Type two is a less severe form of muscular atrophy and will make itself known between seven and 18 months of age. Parents of children with this form may notice that their child appears weak , lacks muscle tone and gets many respiratory infections. They may develop scoliosis and may have trouble breathing and are prone to choking. These children may eventually be able to sit up or stand unaided. Life expectancy is longer than that of those affected by type one, however they will expire while they are still children.

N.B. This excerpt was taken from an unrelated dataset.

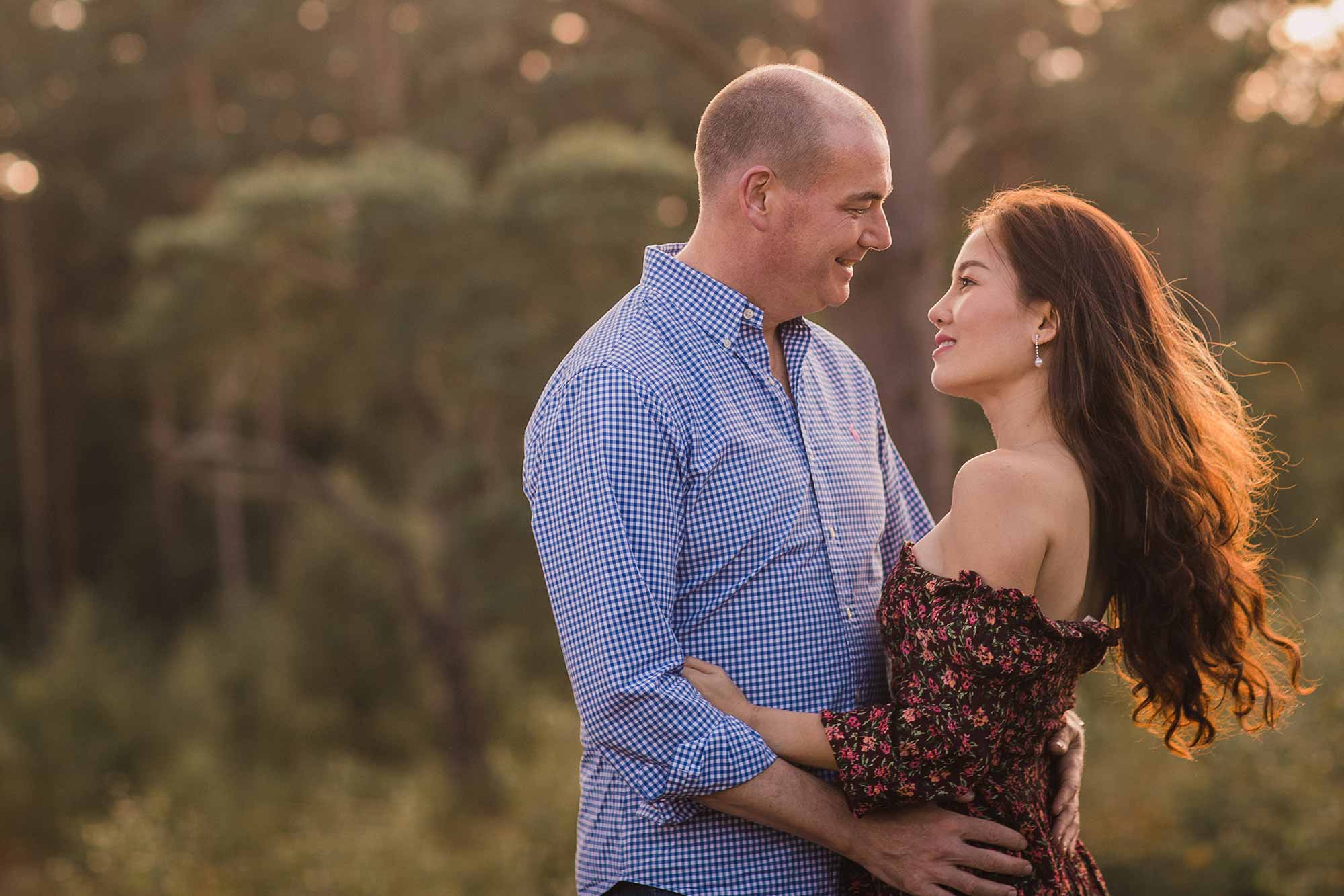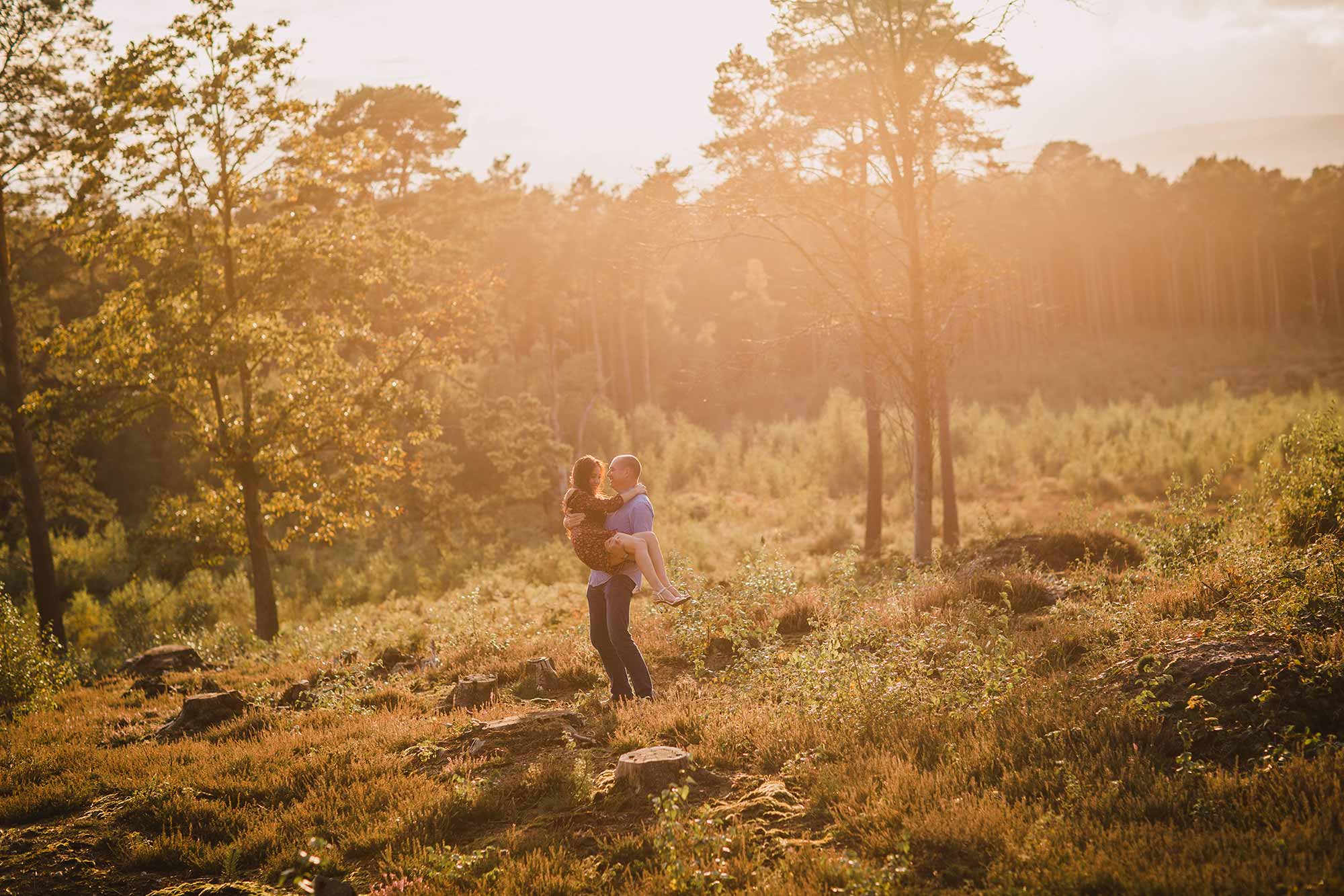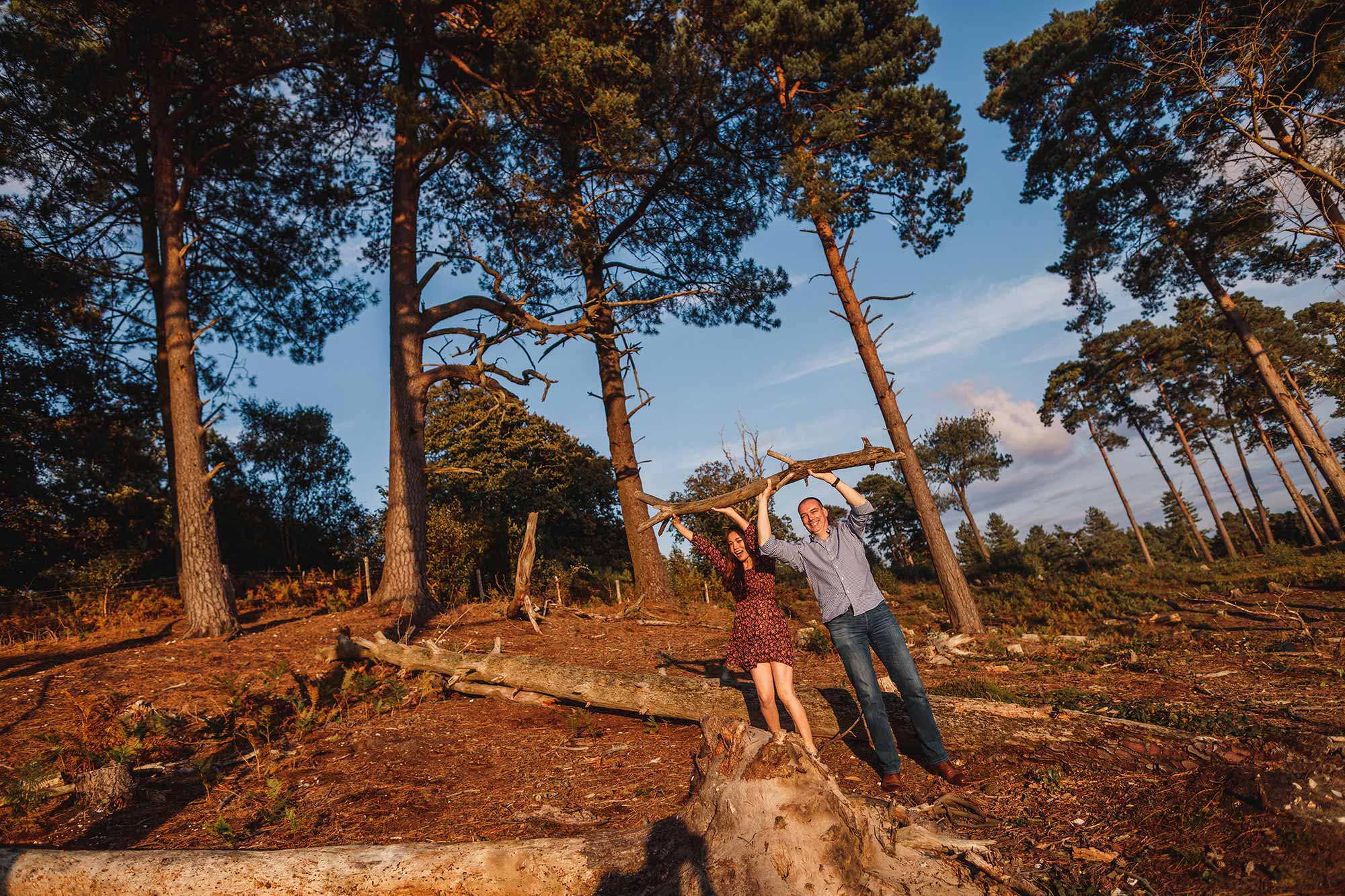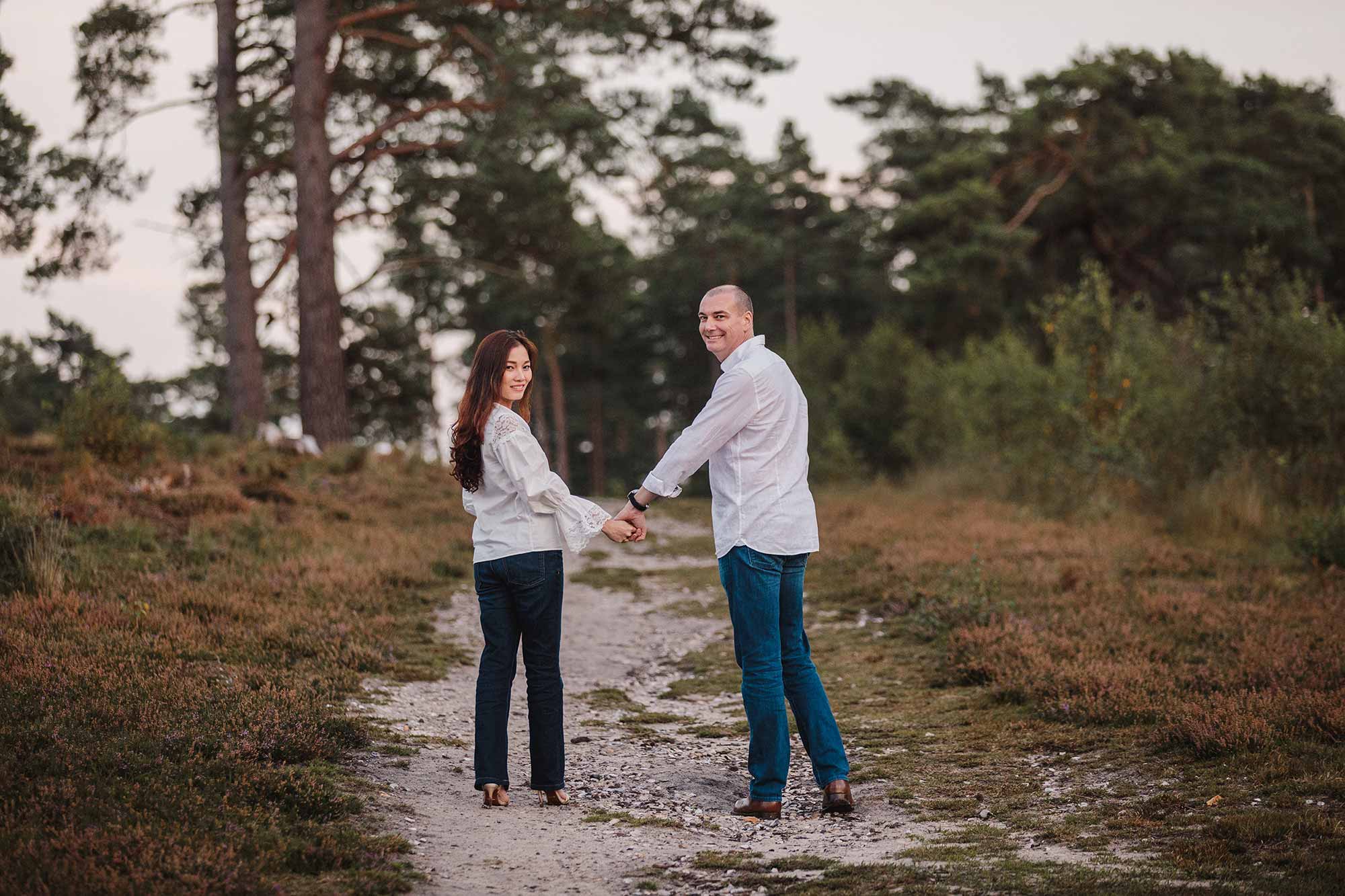Jon first got in touch with me after I was recommended to them for their September wedding. Jon and Jessica live in Vietnam, so getting the logistics right for their pre-wedding shoot and wedding, during their 1 week visit to the UK was paramount! The plan was simple, but tight – hope for awesome weather for the Wednesday pre-wedding shoot, two days after their arrival, and hope for more awesome weather for their wedding on the following Saturday. The chances of good weather for both was pretty high in September, however I never dreamed the weather would be as fabulous as it was! We opted for a woodland shoot in Pulborough and I’m so glad we did because the light was amazing and the images were absolutely lovely, as you can see below. Pre-wedding shoots are not only a great way to learn how to feel comfortable in front of the camera, they’re an opportunity to experiment and a time to relax and have fun. Here’s my take on a glorious evening in beautiful woodland with a cracking couple!

Type three is a milder type than type one or two and children affected with this type may live into their early adulthood. Some will eventually require a wheelchair and lose most of their muscle tone. Again problems with respiratory infections and choking are the main hazards with this type of muscle atrophy. Most children are diagnosed with this type after the age of eighteen months, however it may not appear until as late as the teenage years. With proper diagnosis and treatment many of those affected with type three can live near normal lifespans
Type four begins after the age of thirty five. This adult form of the disease is the most benign form of SMA and many people who develop this disease will go on to live normal lifespans. The treatment plans for all four types of the disease depend on what symptoms are most bothersome to the individual, however physical therapy, respiratory therapy and medications can all be beneficial for all four types of this devastating disease.
Research is ongoing and scientist hope to gain knowledge from those suffering from less severe types of the disease. Hopefully this research will give insight to the more severely affected children and bring about the cure everyone is seeking. Until then people with a family history of this disease need to get genetic counseling before they begin a family. Knowledge about this disease can be the best force in the search for a cure. Because one in every forty people carry this gene, it is important that the public becomes aware that this disease is a possibility for their offspring. If the public realized that 7.5 million Americans are carriers of the gene that can cause this disabling disease there may be more people willing to help support the charities raising money for a cure.